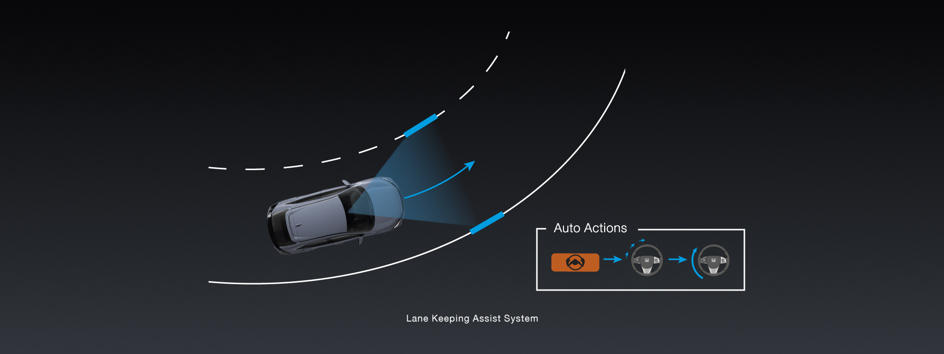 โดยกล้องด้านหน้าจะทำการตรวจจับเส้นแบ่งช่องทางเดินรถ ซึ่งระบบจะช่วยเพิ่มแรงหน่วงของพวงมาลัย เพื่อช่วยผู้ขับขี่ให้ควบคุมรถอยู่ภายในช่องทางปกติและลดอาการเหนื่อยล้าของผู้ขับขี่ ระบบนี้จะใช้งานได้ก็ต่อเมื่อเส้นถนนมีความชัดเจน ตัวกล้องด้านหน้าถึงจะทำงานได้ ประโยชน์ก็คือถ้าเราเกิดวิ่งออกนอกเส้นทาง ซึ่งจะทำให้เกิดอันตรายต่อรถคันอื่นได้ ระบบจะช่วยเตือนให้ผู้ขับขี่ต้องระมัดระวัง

##########

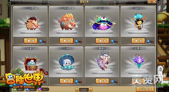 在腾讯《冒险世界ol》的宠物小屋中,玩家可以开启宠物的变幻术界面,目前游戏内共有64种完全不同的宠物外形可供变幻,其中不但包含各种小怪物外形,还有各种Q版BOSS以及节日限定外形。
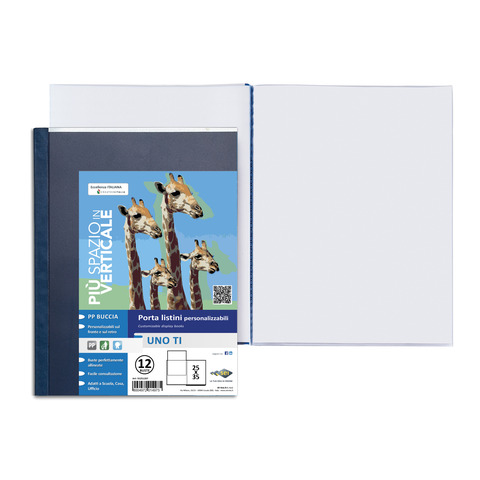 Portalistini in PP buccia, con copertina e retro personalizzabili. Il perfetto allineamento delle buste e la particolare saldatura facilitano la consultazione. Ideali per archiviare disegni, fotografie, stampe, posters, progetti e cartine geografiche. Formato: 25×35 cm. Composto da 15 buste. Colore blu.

##########

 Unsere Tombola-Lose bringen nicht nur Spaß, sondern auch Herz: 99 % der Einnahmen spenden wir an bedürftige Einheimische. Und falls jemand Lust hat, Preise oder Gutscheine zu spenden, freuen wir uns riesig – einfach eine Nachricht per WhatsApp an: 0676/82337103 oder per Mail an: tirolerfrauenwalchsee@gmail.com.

##########

Transcribe only this stretch of the data: the line with "在腾讯《冒险世界ol》的宠物", the line with "Portalistini in PP", and every line in between. Leave out the pictures.

 在腾讯《冒险世界ol》的宠物小屋中,玩家可以开启宠物的变幻术界面,目前游戏内共有64种完全不同的宠物外形可供变幻,其中不但包含各种小怪物外形,还有各种Q版BOSS以及节日限定外形。
 Portalistini in PP buccia, con copertina e retro personalizzabili. Il perfetto allineamento delle buste e la particolare saldatura facilitano la consultazione. Ideali per archiviare disegni, fotografie, stampe, posters, progetti e cartine geografiche. Formato: 25×35 cm. Composto da 15 buste. Colore blu.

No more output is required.